Wall Street Sharply Split on S&P 500 Path

Strategists post biggest gap between the highest and lowest targets

  •   Gap between the highest and lowest year-end S&P 500 targets

Wall Street Strategists Stick to Cautious Equity View

Their S&P 500 target points to most bearish second-half outlook on record

  • S&P 500's second-half outlook implied by strategists' average year-end target

With the increase in uncertainty and the dispersion of expert opinions, we are seeing a real surge in behavioral biases amongst an investor base that is prone to them in the first place. Behavioral finance is fascinating. It’s the study of psychological influences on investors and financial markets. The stock market doesn’t move in predictable and rational ways and that’s because investor behavior is imperfect, and human beings succumb to these patterns constantly. We see manifestations of behavioral biases just about every day in our interactions with clients. In fact, I would say a large part of our job is identifying, untangling and correcting them in constructive ways that avoid derailing plans.

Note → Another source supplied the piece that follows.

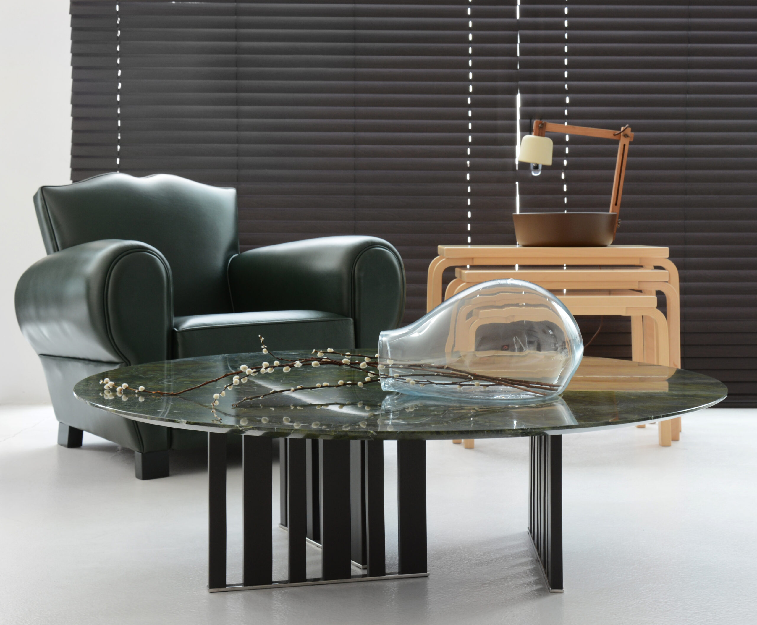 Inspirada na arte cinética, o grande diferencial da linha Angolo está na composição dos elementos e sua variação visual. As peças, através de seu desenho, têm como objetivo transformar sua leitura através do olhar do observador. Desta forma, cria e recria formas dinâmicas de acordo com a posição do usuário ao redor das peças, além das mais variadas sombras.
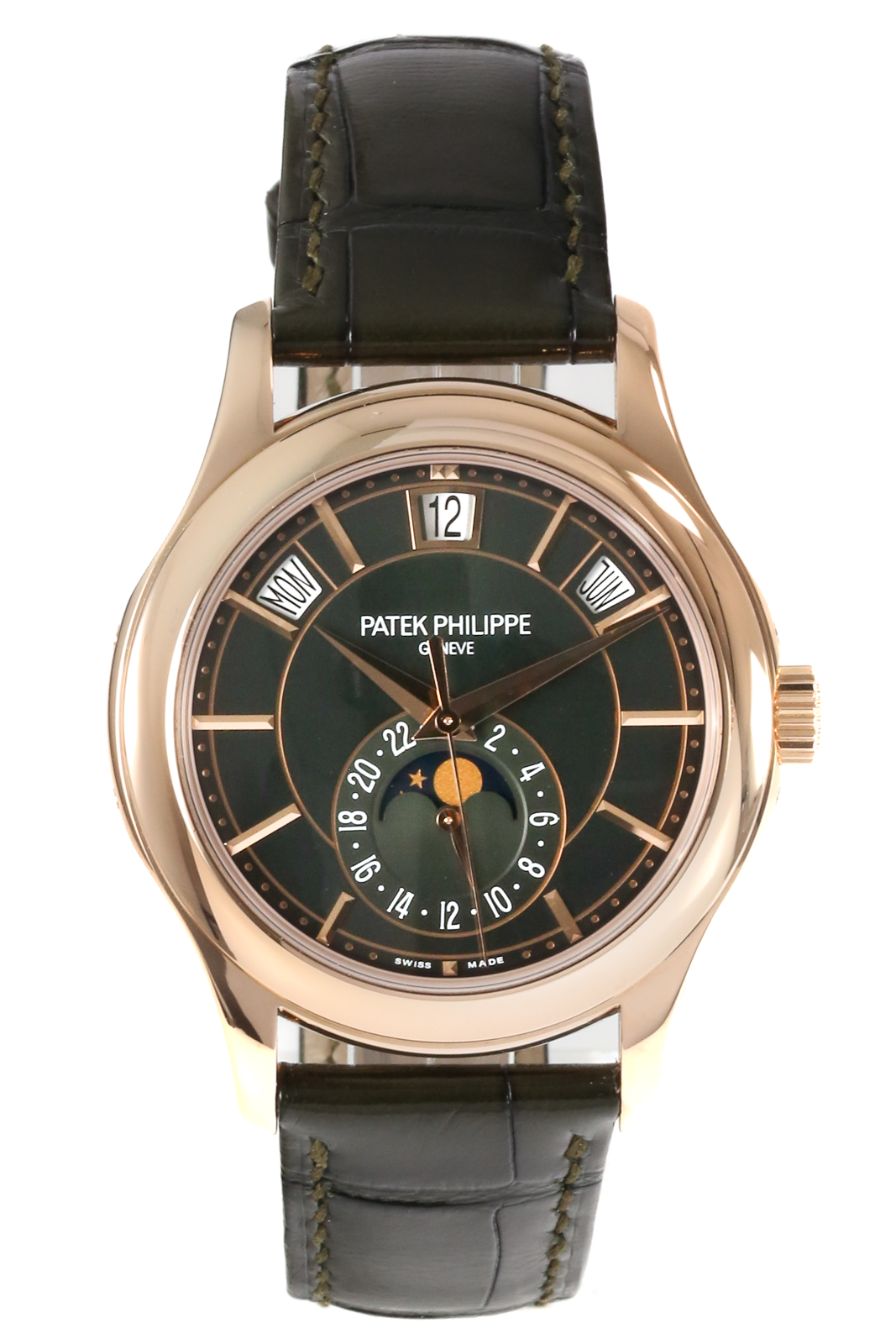 This Patek Philippe Complications 5205R-011 has a olive green baton dial and a leather strap. This Patek Philippe has undergone a thorough inspection of water resistance, accuracy, functionality and condition to determine the level of reconditioning required to meet our strict standards. It has also been referenced against technical documents and manufacturer records where available to ensure authenticity and a clean history. All our watches have a 24-month warranty for your peace of mind.

The good news is you can reduce the impact they have on you.

Investing is so emotional, and on top of it, individuals tend to believe their approach is best. They don’t have the self-awareness or experience to know that we all have hard-wired behaviors hurting our long-term best interest. This extends to all walks of life.

With that being said, let’s take a break from our regularly scheduled programming and introduce behavioral finance and some of the popular biases we frequently see on display.

A bias can be either a cognitive, which involves faulty reasoning or emotional which is based on feelings. We all fall victim to many of these biases and as soon as you see them, I’m sure they’ll resonate.

One of the classics is Overconfidence. Like Apollo Creed in Rocky II or the Russians in the 1980 Miracle on Ice, overconfidence can lead to defeat. We constantly hear folks say that they are great investors, and their own performance has been superior. I think a lot of this confidence comes from the fact that from 12/31/2008 to 12/31/2021, 13 years, the S&P 500 was up 16% per year and the Technology Sector was up over 22%. Whatever you invested in went up and the riskier it was, the better. It made the common investor feel like a superstar. The economy is different now, we have inflation at 4.1%, the Fed Funds rate is 5.25% and earnings have been struggling. If you lack experience or analytical training you could easily face defeat if you’re over confident. The sad thing is that defeat, in this case, could look like missing out on your dream retirement.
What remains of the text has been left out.